I. Inwieweit wird der BGB AT durch das HGB modifiziert?
1. Was sind Handelsbräuche (§ 346 HGB)?
Nach § 157 BGB sind Verträge so auszulegen, wie Treu und Glauben mit Rücksicht auf die Verkehrssitte es erfordern, also grundsätzlich objektiv nach dem, was im Geschäftsverkehr regelmäßig vereinbart wird.
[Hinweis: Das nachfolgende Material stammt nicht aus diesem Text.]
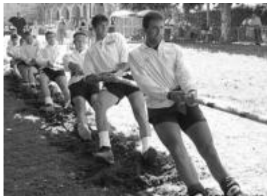
Laugarren gelditu ziren Aresokoak larunbatean, Lesakan. I. ASTIBIA

Goiherrikoek zeukaten soka beren aldera, baina bi faltarekin ziharduten. Azkenean hori izan zen erabakigarria, epaileak hirugarren falta adierazi baitzuen Erandiokei (9 minutu eta 27 segundo). Bigarren tiraldian ere, Goiherriko joku zuten lehen kolpea, eta berak eraman zuen soka (3 minutu eta 21 segundo).

Im Handelsrecht wird dies konkretisiert: § 346 HGB bestimmt, dass unter Kaufleuten in Ansehung der Bedeutung und Wirkung von Handlungen und Unterlassungen auf Handelsbräuche Rücksicht zu nehmen ist.
Das bedeutet zunächst nichts anderes, als dass bei der Auslegung von Willenserklärungen und Verträgen die Handelsbräuche (als besondere Verkehrssitte) zu beachten sind. Handelsbräuche sind „Gewohnheiten und Gebräuche des Handelsverkehrs, die durch ihre gleichmäßige, einheitliche und freiwillige Übung für vergleichbare Geschäftsvorfälle einen verpflichtenden Charakter erhalten haben“ (so BGH NJW 2001, 2464, 2465).
§ 346 HGB ist allerdings weiter gefasst als § 157 BGB: Die handelsrechtliche Regelung erfasst nicht nur Verträge, sondern alle Handlungen und Unterlassungen. Praktisch macht dies aber kaum einen Unterschied, da auch § 157 BGB nach ganz hM auf alle Rechtsgeschäfte und auch auf einzelne Willenserklärungen angewandt wird.